Access and Create Data Structures Flashcards
Data types in SAS
Two data types; Numeric and Character
A dot (.) represents
Missing Data value
SAS is case-sensitive. True or False?
False. SAS is case-insensitive.
DATA step
DATA steps are used to Create datasets, data, Read and Modify the data.
PROC step
PROC step is used for processing data created by DATA step. Data is processed by analyzing data, performing utility functions, printing reports.
Statements that indicate the end of step
run; quit; stop; abort; or Encountering a new statement.
SASHELP
It is a library that contains information that controls your SAS session along with sample SAS data sets.
SASUSER
It is a library that stores any information regarding changes to the default settings for the SAS windowing environment. You can also store SAS data sets, SAS programs, and other SAS files in the SASUSER library
WORK library
It is the temporary storage location for datasets. It is the default library that SAS places datasets created without a specified library. These files are temporary and are deleted at the end of the session.
DATALINES
It is a statement used in DATA step to enter rows of raw data. The data is terminated by a semi-colon. The DATALINES statement should be the last statement in the DATA step. CARDS statement can also be used instead of DATALINES
INFILE
It is used to tell SAS the filename and location. The INFILE statement must follow the DATA statement and precede the INPUT statement.
INFILE ‘C:\MyDir\Desktop\Home\users.dat’;
LRECL
LRECL expanded as Longest Record Length, is as the name suggests the longest record length in a data file. It used to specify the length of a record. A record is one row(also referred to as observation) in the data file.
INFILE ‘location\user.txt’ LRECL = 2000;
The Dollar sign ($) besides a variable indicates…
that the variable is of character data type.
INPUT streetName $ streetNumber;
TITLE
The TITLE statement tells SAS to put the text enclosed in quotation marks on the top of each page of output. Without this statement, SAS would put the words “The SAS System” at the top of each page.
LENGTH
It is used to define the length of the values of a variable. The default length of a variable is 8. Using LENGTH, you are able to define any length between 1 and 32,767.
Informats
Informats are used to tell SAS how to interpret the data. They are useful when dealing with non-standard data. There are 3 types of Informats; Character, numeric, and date.
Formatted inputs
Using Informats such as character($informatw.), numeric(informatw.d), and date(informatw.) where w is the width and d is the number of decimal places.
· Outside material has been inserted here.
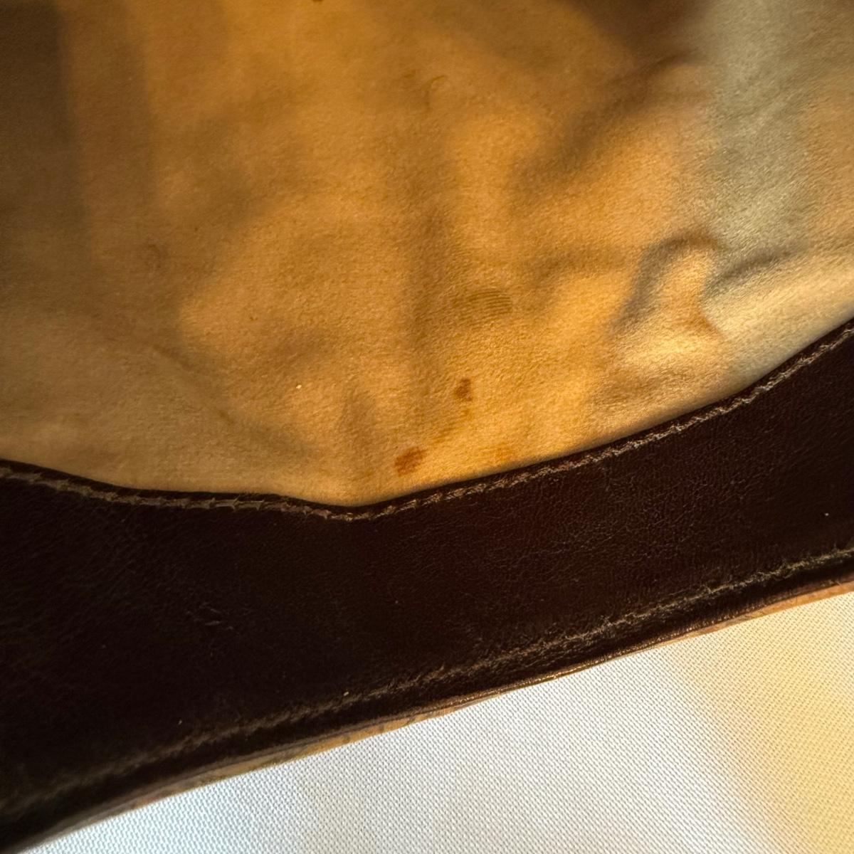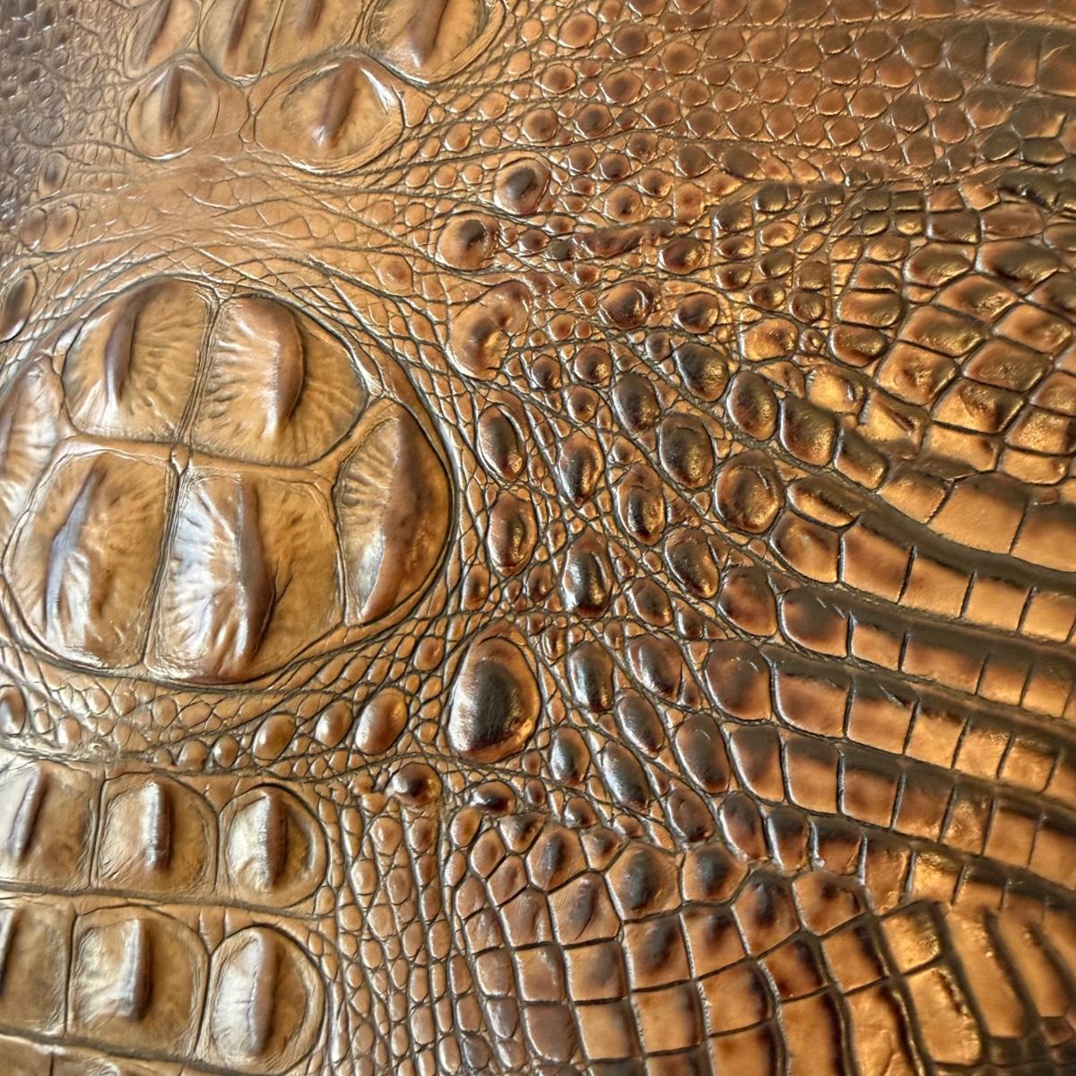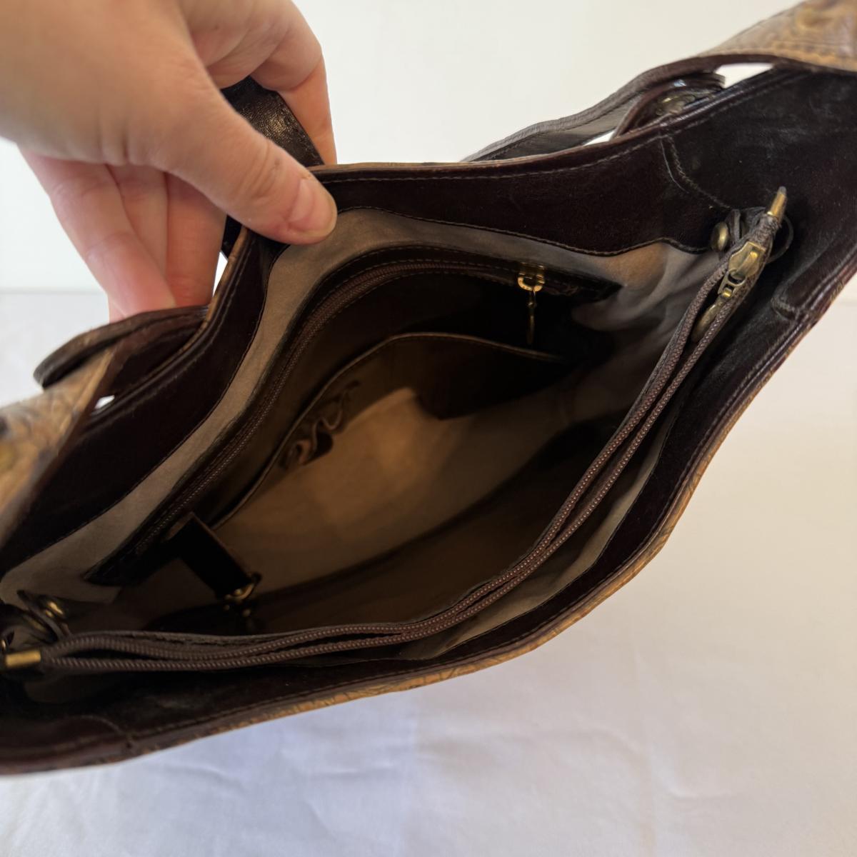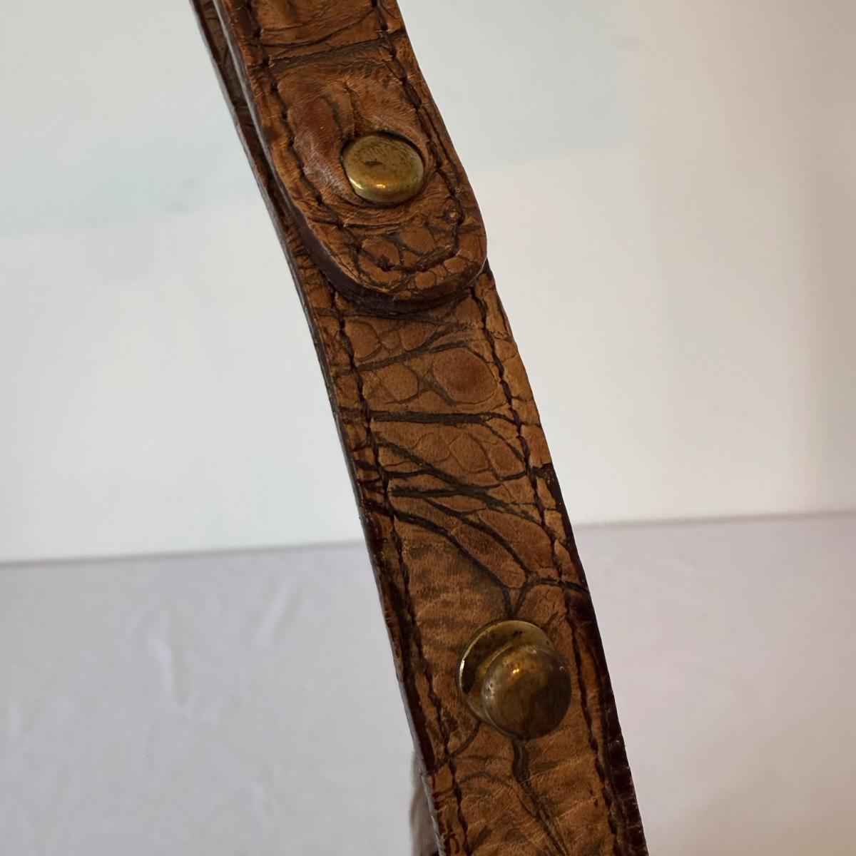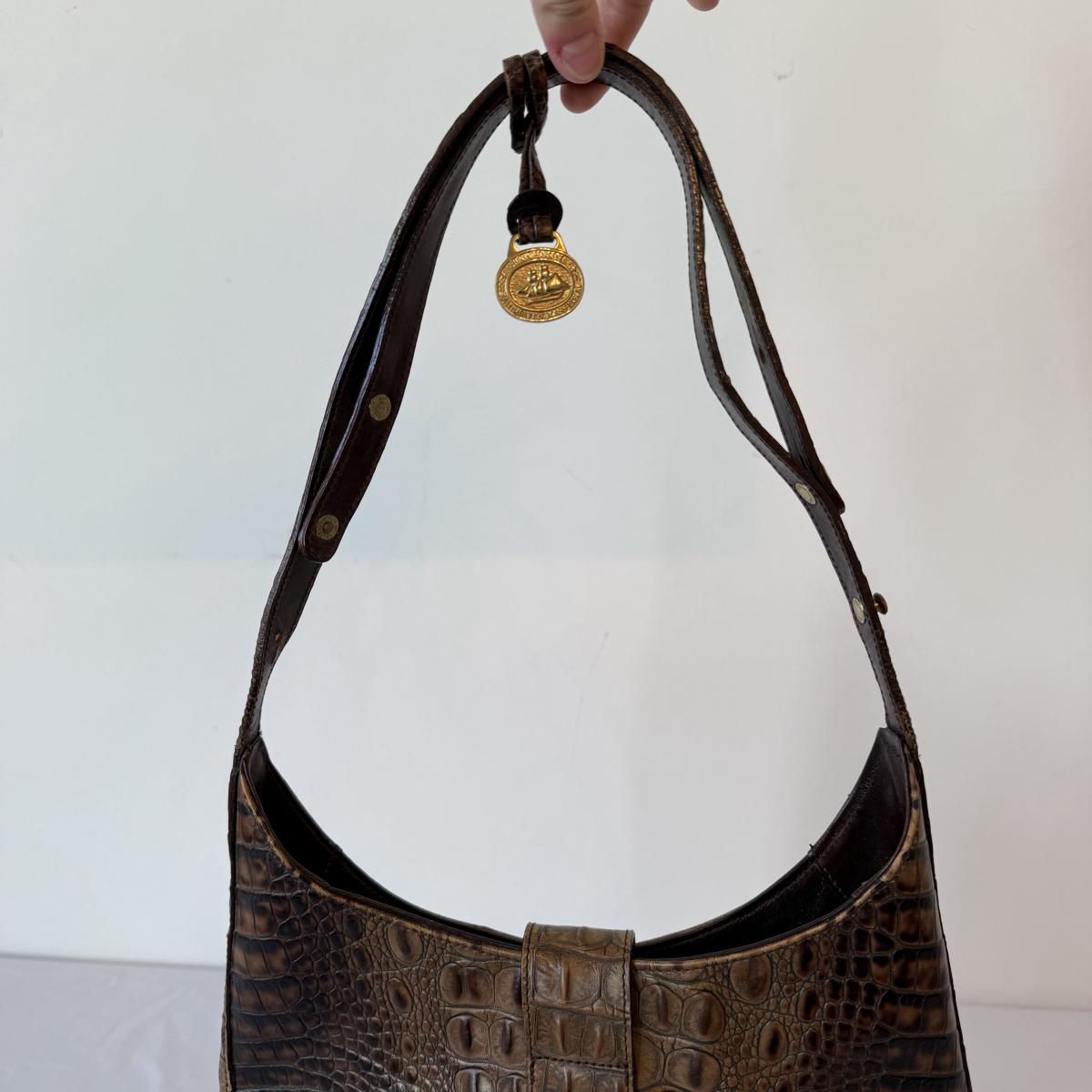 This bag appears to be Brahmin’s toasted almond square leather adjustable shoulder handbag, made of leather with the appearance of crocodile skin. Bag shows minimal wear. It measures approximately 11” x 3.5” x 12”H (to the top of the bag, not including the strap).
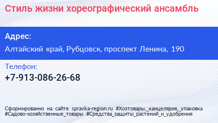 Стиль жизни, хореографический ансамбль по адресу Алтайский край, Рубцовск, проспект Ленина, 190 в дальнейшем Организация, размещена в следующих категориях:

INPUT Name $16. +1 Age 3. ;
What does ‘+1’ mean here?
‘+1’ is used to skip over a column
Different between @ and @n
@n is a column pointer
Difference between @ and @@ in INPUT statement
@ and @@ are both line-hold specifiers.
@ is used when you want to impose a condition onto the raw data line. When SAS reaches the end of the observation, based on the IF condition, SAS decides whether or not to keep the observation.
@@ is used when there is more than one observation in a line. @@ tells SAS that the observation has ended and the next observation starts.
INPUT statement options
FIRSTOBS = n; tells SAS at what line to begin reading data.
OBS = n; tells SAS to read n number of raw data lines.
MISSOVER; SAS automatically reads a new line of raw data if there are still variables in the observation that don’t have an assigned value. Using MISSOVER, SAS assigns missing values for these types of variables.
TRUNCOVER;
DELIMITER= or DLM=
It is an option INFILE statement that helps SAS read data from files with other delimiters. The default delimiter when SAS reads data is space. The delimiter is specified as the option value in single quotes. If delimiter is a string of characters, DLMSTR= is used.
ASCII value for tab delimiter. DLM=?
DLM = ‘90’X is used for tab delimiters
DSD option
It is expanded as Delimiter-Sensitive Data.
DSD assumes delimiter is comma if DLM= option is not assigned.
DSD ignores delimiters embedded in a data value if it is enclosed with quotation marks. Quotation marks are not read as a part of the data value.
By default, SAS interprets two delimiters as a single delimiter. Hence when reading data with missing values, the DSD option is used in INFILE.
It is common to use DSD along with MISSOVER in cases where SAS might read new observation data if the last value is missing.